Idra Novey opens her debut novel Ways to Disappear with a sixty-year-old woman, perched high in an almond tree with a suitcase, reading a book, a cigar stuck in her mouth. One of the domino players in the nearby park wanders over to see if he can be of assistance and to sneak a look at a woman’s ample behind directly over his head.
The image is compelling and strange and wonderfully perfect for this novel. It sets the tone, hints at themes, and opens the door to the possibility that anything can happen in this fast-paced plot.
There are, it turns out, many ways to disappear. The woman in the tree is the Brazilian author Beatriz Yagoda, and when she disappears, her translator, Emma, sheds her life and her boring boyfriend in Pittsburgh and flies to Rio de Janeiro to track her down. Translators are the silent magicians behind the author’s story, moving words and meaning from one language to another. They fly below the radar of publicity, ignored and paid accordingly. Since graduate school, Emma has translated five of Beatriz’s works. She has lived Beatriz’s stories “with the intensity of an addict.” But when she arrives in Rio, Emma becomes absorbed not with words, but with Beatriz’s life, falling for the author’s handsome son with radioactive-green eyes, and tangling with the author’s daughter, Raquel, who has little time for fiction, or for Emma, who thinks she knows her mother simply because she’s intimate with her work.

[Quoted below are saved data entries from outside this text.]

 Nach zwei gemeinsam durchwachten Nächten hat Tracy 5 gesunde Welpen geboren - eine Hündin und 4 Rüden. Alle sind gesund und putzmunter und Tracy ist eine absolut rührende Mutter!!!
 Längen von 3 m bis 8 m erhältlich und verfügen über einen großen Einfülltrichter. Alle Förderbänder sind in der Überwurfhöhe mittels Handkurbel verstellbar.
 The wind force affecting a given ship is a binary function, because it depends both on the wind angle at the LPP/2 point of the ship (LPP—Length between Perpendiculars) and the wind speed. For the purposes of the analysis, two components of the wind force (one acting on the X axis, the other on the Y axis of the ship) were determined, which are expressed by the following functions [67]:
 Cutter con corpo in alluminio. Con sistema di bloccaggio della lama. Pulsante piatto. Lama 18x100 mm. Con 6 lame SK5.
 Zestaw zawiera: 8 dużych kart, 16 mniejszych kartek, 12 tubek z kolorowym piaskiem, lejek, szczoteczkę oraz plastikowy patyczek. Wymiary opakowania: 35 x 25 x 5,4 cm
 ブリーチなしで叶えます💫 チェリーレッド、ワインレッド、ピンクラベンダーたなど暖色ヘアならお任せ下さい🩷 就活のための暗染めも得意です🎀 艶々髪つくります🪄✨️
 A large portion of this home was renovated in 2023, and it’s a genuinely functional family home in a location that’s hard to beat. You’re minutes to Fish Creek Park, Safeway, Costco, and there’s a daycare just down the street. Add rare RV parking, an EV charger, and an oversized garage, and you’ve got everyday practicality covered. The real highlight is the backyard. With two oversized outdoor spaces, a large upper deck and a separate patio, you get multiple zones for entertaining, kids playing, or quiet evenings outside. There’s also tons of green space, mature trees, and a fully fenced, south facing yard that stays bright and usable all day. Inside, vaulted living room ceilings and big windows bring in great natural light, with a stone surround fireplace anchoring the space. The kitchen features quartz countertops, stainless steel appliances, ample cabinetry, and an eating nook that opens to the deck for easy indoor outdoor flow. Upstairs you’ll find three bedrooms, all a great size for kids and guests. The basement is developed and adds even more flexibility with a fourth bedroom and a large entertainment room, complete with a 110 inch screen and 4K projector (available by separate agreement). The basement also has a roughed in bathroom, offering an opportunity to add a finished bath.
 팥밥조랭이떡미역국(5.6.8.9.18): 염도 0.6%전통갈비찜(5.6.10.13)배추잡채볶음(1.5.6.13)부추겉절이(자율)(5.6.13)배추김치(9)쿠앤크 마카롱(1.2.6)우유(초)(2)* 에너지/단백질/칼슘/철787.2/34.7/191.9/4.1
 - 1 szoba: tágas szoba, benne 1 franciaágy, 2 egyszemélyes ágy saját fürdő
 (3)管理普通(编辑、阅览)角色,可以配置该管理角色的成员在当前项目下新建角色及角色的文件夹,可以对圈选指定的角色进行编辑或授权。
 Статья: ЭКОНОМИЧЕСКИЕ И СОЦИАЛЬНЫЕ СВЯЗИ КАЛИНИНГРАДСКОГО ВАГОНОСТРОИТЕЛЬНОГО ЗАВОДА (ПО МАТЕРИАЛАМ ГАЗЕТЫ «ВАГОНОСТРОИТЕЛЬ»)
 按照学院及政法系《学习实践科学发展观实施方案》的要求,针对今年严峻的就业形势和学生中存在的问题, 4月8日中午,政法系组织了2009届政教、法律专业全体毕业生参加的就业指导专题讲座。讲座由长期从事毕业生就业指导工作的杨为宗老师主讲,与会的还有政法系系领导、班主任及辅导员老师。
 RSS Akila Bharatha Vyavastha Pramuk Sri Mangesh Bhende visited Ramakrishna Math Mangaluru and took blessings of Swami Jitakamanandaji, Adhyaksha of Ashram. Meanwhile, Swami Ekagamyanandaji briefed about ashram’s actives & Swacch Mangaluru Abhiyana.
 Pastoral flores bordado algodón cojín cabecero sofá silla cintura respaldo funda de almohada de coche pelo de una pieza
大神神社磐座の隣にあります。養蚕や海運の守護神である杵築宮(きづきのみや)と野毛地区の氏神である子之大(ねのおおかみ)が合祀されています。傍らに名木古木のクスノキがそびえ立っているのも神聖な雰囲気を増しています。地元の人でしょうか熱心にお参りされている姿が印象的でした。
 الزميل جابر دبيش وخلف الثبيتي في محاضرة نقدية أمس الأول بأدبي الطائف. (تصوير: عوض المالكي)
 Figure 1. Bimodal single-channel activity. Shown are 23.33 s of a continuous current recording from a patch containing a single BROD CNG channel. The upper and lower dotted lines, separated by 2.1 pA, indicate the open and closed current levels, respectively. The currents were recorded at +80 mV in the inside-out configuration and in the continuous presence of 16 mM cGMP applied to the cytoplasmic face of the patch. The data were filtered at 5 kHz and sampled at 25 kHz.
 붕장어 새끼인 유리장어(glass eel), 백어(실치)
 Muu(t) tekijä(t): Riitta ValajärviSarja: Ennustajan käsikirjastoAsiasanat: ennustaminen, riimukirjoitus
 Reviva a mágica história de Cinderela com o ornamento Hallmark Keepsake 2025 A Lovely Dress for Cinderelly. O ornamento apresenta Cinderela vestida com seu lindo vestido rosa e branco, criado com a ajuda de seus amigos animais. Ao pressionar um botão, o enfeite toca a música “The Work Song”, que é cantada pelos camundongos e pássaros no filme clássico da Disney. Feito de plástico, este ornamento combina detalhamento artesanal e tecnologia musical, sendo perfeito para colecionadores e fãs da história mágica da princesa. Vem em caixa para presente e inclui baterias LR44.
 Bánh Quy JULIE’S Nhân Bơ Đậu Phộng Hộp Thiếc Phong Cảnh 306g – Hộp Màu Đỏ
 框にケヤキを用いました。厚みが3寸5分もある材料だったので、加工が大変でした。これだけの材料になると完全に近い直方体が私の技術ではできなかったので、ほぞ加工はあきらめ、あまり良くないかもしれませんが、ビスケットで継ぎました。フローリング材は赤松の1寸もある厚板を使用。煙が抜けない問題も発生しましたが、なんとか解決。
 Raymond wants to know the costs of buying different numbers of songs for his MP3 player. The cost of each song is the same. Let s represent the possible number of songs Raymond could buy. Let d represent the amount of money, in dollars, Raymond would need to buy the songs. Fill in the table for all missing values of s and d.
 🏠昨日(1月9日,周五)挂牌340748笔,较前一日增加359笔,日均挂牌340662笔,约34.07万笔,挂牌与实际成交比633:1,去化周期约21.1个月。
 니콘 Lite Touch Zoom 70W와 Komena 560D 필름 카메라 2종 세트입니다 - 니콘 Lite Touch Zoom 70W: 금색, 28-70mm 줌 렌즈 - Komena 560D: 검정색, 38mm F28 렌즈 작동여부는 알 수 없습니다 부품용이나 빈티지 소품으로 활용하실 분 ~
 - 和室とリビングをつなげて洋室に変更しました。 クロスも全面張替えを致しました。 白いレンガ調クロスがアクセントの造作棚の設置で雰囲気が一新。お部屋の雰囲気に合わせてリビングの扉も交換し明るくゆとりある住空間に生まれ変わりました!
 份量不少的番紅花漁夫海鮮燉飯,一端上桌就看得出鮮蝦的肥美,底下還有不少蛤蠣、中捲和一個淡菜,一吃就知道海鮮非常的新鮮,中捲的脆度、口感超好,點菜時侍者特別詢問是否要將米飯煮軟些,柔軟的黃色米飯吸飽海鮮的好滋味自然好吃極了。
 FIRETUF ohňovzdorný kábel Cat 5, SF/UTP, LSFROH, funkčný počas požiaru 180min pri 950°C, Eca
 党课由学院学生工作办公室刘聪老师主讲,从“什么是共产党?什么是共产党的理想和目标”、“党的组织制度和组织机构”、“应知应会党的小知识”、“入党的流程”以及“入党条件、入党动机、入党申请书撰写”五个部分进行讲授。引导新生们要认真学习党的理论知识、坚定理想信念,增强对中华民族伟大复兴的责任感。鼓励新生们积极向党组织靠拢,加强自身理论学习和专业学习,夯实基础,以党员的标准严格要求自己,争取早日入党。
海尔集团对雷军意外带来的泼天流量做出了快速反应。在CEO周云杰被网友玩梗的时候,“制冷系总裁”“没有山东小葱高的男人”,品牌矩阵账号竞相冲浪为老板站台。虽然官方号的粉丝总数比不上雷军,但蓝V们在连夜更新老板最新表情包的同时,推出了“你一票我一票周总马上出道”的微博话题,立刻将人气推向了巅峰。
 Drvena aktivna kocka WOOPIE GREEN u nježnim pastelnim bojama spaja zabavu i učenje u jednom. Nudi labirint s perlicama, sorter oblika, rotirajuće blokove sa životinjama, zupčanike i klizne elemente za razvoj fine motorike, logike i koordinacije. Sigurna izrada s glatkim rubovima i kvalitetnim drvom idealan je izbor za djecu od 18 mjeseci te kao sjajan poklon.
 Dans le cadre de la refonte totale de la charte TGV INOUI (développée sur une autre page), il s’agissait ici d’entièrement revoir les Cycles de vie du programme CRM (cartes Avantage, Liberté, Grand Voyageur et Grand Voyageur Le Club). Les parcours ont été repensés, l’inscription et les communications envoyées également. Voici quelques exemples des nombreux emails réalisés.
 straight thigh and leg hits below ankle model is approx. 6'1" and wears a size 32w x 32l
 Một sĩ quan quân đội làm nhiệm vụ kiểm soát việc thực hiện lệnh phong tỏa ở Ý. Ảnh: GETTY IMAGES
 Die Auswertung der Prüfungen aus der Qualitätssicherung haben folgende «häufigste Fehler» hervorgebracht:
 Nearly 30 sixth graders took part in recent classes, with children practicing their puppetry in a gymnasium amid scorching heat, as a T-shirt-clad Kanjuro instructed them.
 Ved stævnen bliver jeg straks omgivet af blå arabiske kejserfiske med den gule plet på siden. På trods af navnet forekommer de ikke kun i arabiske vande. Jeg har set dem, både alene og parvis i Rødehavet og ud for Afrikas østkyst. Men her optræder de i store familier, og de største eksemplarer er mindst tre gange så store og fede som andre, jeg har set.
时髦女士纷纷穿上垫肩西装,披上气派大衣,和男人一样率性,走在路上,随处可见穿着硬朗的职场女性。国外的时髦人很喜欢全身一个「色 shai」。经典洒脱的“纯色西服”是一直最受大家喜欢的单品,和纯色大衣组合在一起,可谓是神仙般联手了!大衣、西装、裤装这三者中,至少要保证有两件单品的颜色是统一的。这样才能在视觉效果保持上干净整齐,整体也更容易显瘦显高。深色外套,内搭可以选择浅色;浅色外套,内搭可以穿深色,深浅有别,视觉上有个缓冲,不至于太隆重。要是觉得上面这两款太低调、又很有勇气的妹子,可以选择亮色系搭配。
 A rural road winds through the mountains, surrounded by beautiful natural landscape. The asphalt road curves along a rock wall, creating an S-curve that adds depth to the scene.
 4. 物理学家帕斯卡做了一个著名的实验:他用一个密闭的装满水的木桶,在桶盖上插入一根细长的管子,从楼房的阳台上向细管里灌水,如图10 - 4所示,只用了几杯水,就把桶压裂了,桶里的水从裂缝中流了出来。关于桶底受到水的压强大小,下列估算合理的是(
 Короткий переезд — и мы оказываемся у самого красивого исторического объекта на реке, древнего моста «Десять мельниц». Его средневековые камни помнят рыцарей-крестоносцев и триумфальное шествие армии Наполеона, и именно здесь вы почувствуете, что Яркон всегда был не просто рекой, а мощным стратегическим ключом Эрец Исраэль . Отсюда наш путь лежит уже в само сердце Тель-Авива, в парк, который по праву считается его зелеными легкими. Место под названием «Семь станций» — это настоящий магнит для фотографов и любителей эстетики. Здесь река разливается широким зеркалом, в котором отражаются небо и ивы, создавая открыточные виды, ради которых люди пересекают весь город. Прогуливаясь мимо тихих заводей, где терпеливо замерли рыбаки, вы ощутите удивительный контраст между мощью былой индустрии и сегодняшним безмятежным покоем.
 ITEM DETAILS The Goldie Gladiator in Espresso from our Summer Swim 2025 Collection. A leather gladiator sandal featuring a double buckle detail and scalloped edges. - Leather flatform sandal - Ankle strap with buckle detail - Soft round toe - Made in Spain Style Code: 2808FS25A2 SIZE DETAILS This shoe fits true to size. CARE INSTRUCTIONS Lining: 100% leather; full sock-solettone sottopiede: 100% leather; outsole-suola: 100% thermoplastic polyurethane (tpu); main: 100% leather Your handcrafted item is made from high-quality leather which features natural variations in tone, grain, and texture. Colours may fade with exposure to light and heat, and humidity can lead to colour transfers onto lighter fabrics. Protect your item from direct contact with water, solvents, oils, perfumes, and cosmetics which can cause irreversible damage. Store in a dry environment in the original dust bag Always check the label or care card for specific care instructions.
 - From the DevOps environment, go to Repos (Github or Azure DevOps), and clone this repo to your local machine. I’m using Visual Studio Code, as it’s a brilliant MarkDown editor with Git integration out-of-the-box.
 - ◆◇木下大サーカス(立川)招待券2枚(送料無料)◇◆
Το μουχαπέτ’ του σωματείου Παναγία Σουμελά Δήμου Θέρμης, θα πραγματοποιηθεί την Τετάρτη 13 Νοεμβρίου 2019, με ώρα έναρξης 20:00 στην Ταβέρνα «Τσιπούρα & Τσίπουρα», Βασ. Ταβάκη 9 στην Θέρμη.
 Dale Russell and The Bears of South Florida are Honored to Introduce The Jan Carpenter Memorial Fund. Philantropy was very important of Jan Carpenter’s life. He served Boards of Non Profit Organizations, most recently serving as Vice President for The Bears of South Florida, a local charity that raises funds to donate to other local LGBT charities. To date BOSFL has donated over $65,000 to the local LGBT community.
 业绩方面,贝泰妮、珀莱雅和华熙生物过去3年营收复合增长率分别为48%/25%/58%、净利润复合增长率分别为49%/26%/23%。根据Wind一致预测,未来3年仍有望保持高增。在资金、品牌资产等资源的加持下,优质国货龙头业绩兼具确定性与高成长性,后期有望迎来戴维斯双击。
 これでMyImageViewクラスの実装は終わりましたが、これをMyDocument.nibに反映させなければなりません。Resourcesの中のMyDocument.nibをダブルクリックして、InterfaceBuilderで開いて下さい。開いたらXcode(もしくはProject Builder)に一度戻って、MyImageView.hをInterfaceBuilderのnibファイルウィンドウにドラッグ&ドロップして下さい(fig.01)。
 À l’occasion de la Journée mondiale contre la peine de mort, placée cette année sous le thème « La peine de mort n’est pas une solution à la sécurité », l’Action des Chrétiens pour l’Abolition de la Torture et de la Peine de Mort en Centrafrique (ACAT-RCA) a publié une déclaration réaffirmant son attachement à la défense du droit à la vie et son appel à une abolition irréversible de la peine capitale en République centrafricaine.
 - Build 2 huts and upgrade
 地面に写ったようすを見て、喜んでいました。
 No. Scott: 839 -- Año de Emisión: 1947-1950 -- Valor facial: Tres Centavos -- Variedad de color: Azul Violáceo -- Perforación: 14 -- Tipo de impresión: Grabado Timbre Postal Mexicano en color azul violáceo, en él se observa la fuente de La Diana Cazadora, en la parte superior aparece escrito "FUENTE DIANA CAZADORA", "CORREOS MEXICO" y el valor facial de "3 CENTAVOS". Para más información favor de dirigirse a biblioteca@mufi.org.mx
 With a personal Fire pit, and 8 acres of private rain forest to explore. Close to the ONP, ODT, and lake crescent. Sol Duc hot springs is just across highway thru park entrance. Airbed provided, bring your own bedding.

People can also disappear to each other when they see only parts or fragments. Emma idealizes Beatriz; Raquel sees Beatriz as a strange, unreliable mother. Raquel remembers when the government dynamited the prison on Ilha Grande island, and she and her mother watched it on TV. Her mother pointed to the birds and said, “Look, the birds are collapsing in the sky. She would have liked to have spoken with her mother just once about what was actually happening. A demolition.” Beatriz’s longtime editor and publisher, Roberto Rocha, views Beatriz as his first true author, and her book as his only success. And Beatriz’s gun-toting loan shark, who has funded Beatriz’s online gambling habit and now wants his money back— he only sees the author as a source of money.
The gambling is an unexpected discovery. Beatriz, a closet gambler, is hiding behind the pseudonym of a shoemaker, O Sapateiro, which was what her father became when he left Johannesburg, where he’d worked as a lawyer. This persistent juxtaposition of images adds energy to the story. There’s also the urgency of a dangerous thug and a missing author. This is not a quiet story.
Novey has translated several books from Portuguese and Spanish, including Clarice Lispector’s The Passion According to G.H. She seems to have absorbed some of Lispector’s style, with her strange images and overwrought characters who encounter something that pushes them out of their daily reality toward an existential crisis, all within the constraints of realism. But Novey departs from Lispector’s long interior monologues that stretch her work into the realm of speculation. Ways to Disappear is more reader-friendly. The chapters are short, creating a sense of speed, and they are interspersed with even shorter chapters–emails sent by the rejected American boyfriend and dictionary entries.
Here is Emma, reading Beatriz’s work to Beatriz’s son, Marcus.
For I know something, she read, about the dream life of pigeons. I know their dreams are not unlike the floating thoughts of a woman who’s forgotten herself in a bath. A woman who’s willed herself into a slumber as the water streams, steaming, from the faucet over the full tub and onto the floor, slowly leaking into the room below.
Instead of letting the moment go on for too long, Novey brings us back to the present story:
Ah, that’s my mother there. Marcus pressed his lips to Emma’s shoulder and she continued more slowly, more luxuriantly. She’d read an essay by Borges once in which he’d used the word “lujosamente” to describe the voice in Joseph Mardrus’s translation of A Thousand and One Nights.
Novey has said in interviews that she was interested in violence and how an unspoken trauma manifests differently in a writer’s work than in her relationship with her children. Beatriz’s publisher tells her to tone down her work, advice that Beatriz rejects, insisting the point is to take all of it too far. Novey smartly aligns herself with Beatriz’s approach.
The novel starts off comic and wacky but turns menacingly dark. Soon, center stage, there is a kidnapping, an ear in a shoebox, bodyguards and ransom notes. This movement across tones and genres—farce, comedy, mystery, romance—offers plenty of surprises. You can disappear for hours in Novey’s original story.